Заслышав, что ее обвиняют в таких тяжких прегрешениях, Тося сразу оробела. Она испугалась вдруг, что ее и отсюда попрут, как вытурили из совхоза, и она так и не доведет до конца одной важной перевоспитательной работы.
— Да не против она! — заступился Илья за Тосю. — Просто ветер еще у нее в голове!
— Ты по себе не суди! — посоветовала ему Тося, а начальству сказала: — С обрубки сучьев я могу и уйти, но только не на кухню. Я… это самое, расти хочу, овладевать новой профессией, вот!
— И расти себе на здоровье, — разрешил Игнат Васильевич посвежевшим после передышки голосом. — Будешь хорошо работать — переведем в столовую, главным поваром станешь… У тебя такие перспективы!
— Да ну их! — забраковала Тося все перспективы. — Не буду я подсобницей, так и жизнь пройдет.

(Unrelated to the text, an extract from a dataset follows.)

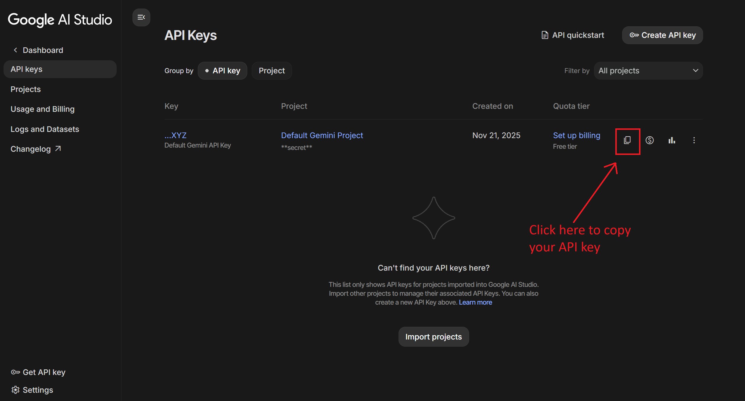 打开 API 密钥管理页面,点击“复制”图标保存你的密钥。

Игнат Васильевич сердито посмотрел на Илью.
— Откуда ты взяла, что питание — подсобная работа? Хорошенькое дело! Сама видишь: не пообедали лесорубы — и выработка сразу упала. Питание — такая же основная работа, как и лесозаготовки, ведь правда? — обратился начальник к Чуркину.
— Самая что ни на есть основная! — с готовностью подтвердил Чуркин и вытер губы, будто только что вкусно пообедал.

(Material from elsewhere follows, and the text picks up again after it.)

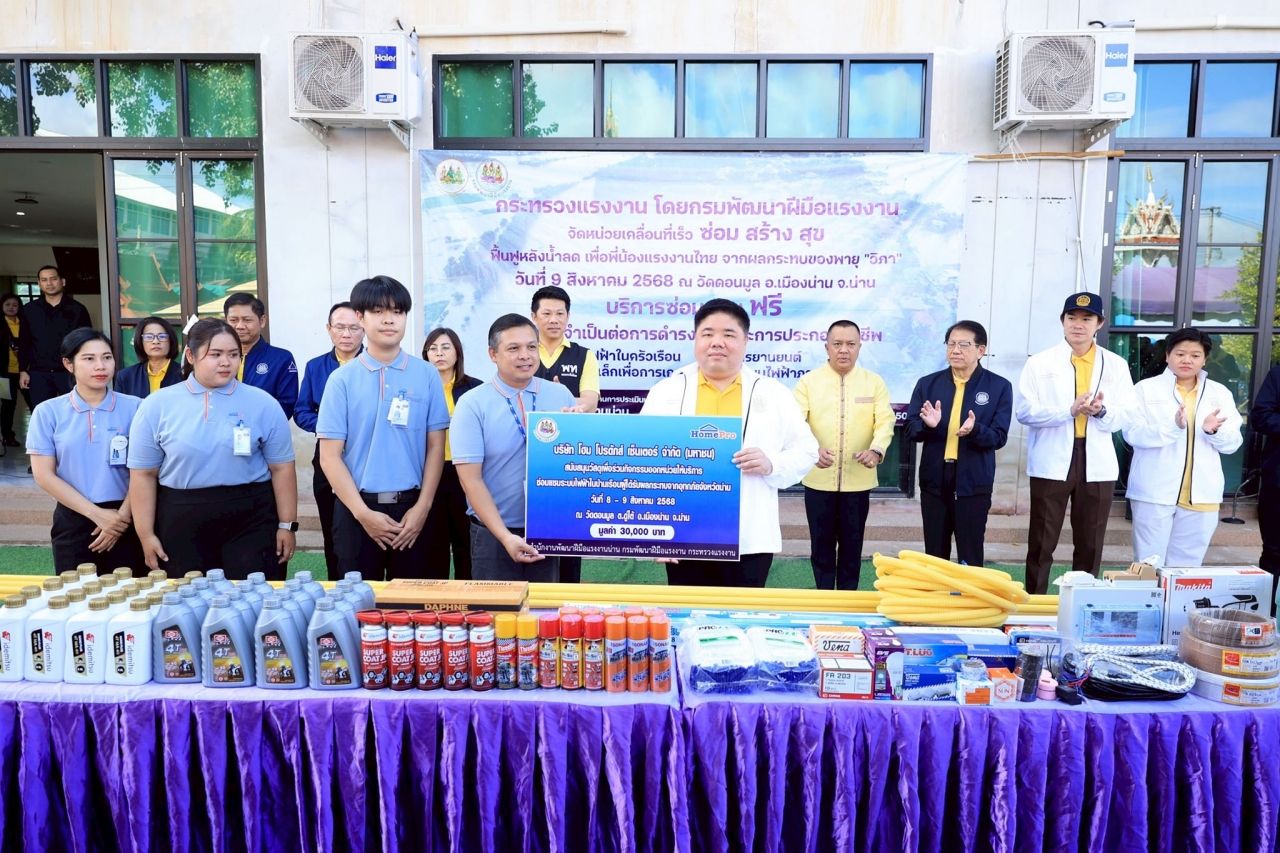 ช่วยฟื้นฟู : โฮมโปร และ เมกาโฮม สานต่อภารกิจส่งความห่วงใย ร่วมใจฟื้นฟูบ้าน ร่วมกับกระทรวงแรงงาน และกรมพัฒนาฝีมือแรงงาน ลงพื้นที่ช่วยเหลือผู้ที่ได้รับผลกระทบจากภัยพิบัติน้ำท่วมในจังหวัดน่าน ส่งทีม CHANG HomePro - มือโปรประจำบ้านคุณ พร้อมอุปกรณ์และเครื่องมือเข้าซ่อมแซมเครื่องใช้ไฟฟ้าและระบบไฟฟ้า ภายในที่อยู่อาศัยกว่า 100 หลังคาเรือน เพื่อให้ประชาชนกลับมาใช้ชีวิตในบ้านได้อย่างปลอดภัยโดยเร็ว

— И кто тебе такую чушь ляпнул?! — загремел Игнат Васильевич, нащупав слабое Тосино место. — Скажи, кто — и я ему, дезорганизатору, сразу выговор закатаю!
— Да так, один человек… — нехотя проговорила Тося, а про себя решила: «Хоть режьте — не скажу!»
Игнат Васильевич вытер платком вспотевшее лицо.
— Дайте ей подумать, — снова заступился Илья за Тосю. — Нельзя же так сразу требовать…
Тося с благодарностью посмотрела на единственного человека, который защищает ее. Но тут же ей пришло в голову, что Илья действует сейчас как бригадир, заинтересованный в добавочной рабочей силе. И потом: если она уйдет с обрубки сучьев — кому он станет тогда помогать? Наде не очень-то поможешь! Вот тут и разберись, для кого он старается…
— Раньше требовалось думать, когда сманивал ее с кухни! — накинулся Игнат Васильевич на Илью. — Я еще до вас с Сашкой доберусь. Тоже мне, агитаторы!.. Ну так как же, Тося? Ты учти: человек не всегда делает то, что ему хочется, а чаще то, что другим нужней… Надо! Понимаешь?
Тосе вдруг стыдно стало, что она отнимает так много времени у солидного Игната Васильевича, который ей в отцы годится. Она опять оробела и украдкой покосилась на Илью, спрашивая взглядом, как ей быть. Все-таки он бригадир и должен руководить своей бригадой…
Игнат Васильевич отвернулся, чтобы не мешать сепаратным их переговорам. Илья развел руками и закивал головой, советуя Тосе согласиться.
— Если основная и… всем надо, — сдалась Тося, — тогда что ж, конечно…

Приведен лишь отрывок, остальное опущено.